Este oleaje va en contra de las creencias monolíticas. En tiempos líquidos, como nos gusta decir en la estela de Bauman, nada es absolutamente predecible, ni las verdades se mantienen como esfinges ancladas en la playa. La versión soberanista necesita sin duda de ese esencialismo inmutable, que parece aludir a un espíritu intangible, y que ejemplifica bien Puigdemont en su ‘backstage’, acampado en la frontera. Puigdemont es bueno ejecutando ‘performances’ simbólicas: cuida los escenarios, las palabras, los gestos. El halo épico cunde más en momentos así, y pierde brillo cuando se baja a la gestión de lo cotidiano, a la refriega de la economía y la cuestión de los presupuestos. La política es gestión, pero la gestión es dura y a veces triste. 

Nadie puede negarle a Puigdemont cierto éxito en el regreso al territorio de combate electoral (aunque quizás bastante menor al esperado por él mismo): su envoltorio mítico, como escribía también ayer Jordi Amat, su liturgia, el despliegue del ritual simbólico y emocional, funcionaba en la cápsula de Argelês, un lugar simbólico también, que intentaba preservar de toda mácula un brillo viejo y solemne. Pero no son estos tiempos que soporten en exceso las proyecciones de las narrativas heroicas, ni siquiera sobrevive el espíritu del ‘nóstos’, el regreso a casa del líder tras la gran travesía, antes de que se imponga el coro de pretendientes a la Generalitat. Todo, en contacto con la realidad real, se empequeñece y pierde la dulce pátina de las emociones. 

ERC es el ejemplo del desgaste que produce el roce cotidiano con lo doméstico, con la amargura de la gestión difícil. Aragonès, a las pocas horas, asume el fiasco y se retira. Indirectamente apela a una redefinición de las relaciones con Madrid. Se evalúan los efectos del “independentismo pragmático”. Y, paradójicamente, aún tiene la llave del gobierno en su mano. Ese es el otro asunto: qué pasará con Madrid. Qué pasará con Sánchez. Pues todo está profundamente entretejido. El tapiz de la legislatura tiene colorido catalán. Puigdemont reivindica el poder del segundo puesto, dirigiéndose a Sánchez, contemplando la caída de ERC, y pide un gobierno de “obediencia catalana”, es decir, el suyo, ningún otro, pero alguien le habrá dicho que el soberanismo ha perdido la mayoría en Cataluña después de cuatro décadas. 

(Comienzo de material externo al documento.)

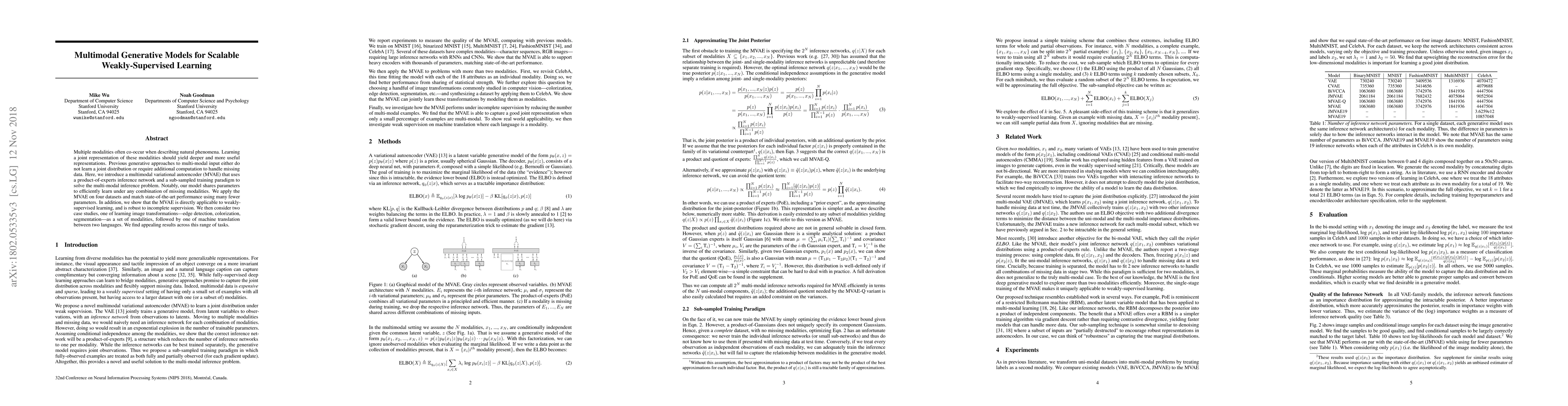 Multiple modalities often co-occur when describing natural phenomena. Learning a joint representation of these modalities should yield deeper and more useful representations. Previous generative approaches to multi-modal input either do not learn a joint distribution or require additional computation to handle missing data. Here, we introduce a multimodal variational autoencoder (MVAE) that uses a product-of-experts inference network and a sub-sampled training paradigm to solve the multi-modal inference problem. Notably, our model shares parameters to efficiently learn under any combination of missing modalities. We apply the MVAE on four datasets and match state-of-the-art performance using many fewer parameters. In addition, we show that the MVAE is directly applicable to weakly-supervised learning, and is robust to incomplete supervision. We then consider two case studies, one of learning image transformations---edge detection, colorization, segmentation---as a set of modalities, followed by one of machine translation between two languages. We find appealing results across this range of tasks.

Sánchez, en efecto, vive también en su larga y eterna paradoja. Feliz por la victoria salvadora, pero consciente de la dificultad del laberinto catalán, que le toca de cerca. Como siempre decimos, está acostumbrado a estos escenarios y a otros peores. Y aunque hubiera deseado un triunfo más contundente de Illa, a pesar de que ha sido sin duda una victoria rotunda (anunciada, por otra parte), lo cierto es que se siente confirmado en su actitud apaciguadora, en “el poder sanador del perdón”, según parece que dijo ayer, aunque otros le acusen de desenterrar a Puigdemont más allá de los Pirineos. No será fácil para Junts justificar cualquier intento de descabalgar a Illa, que llega como un moderado de buenos modales, timidez seductora y una idea integradora en lo que parece el momento menos independentista de Cataluña.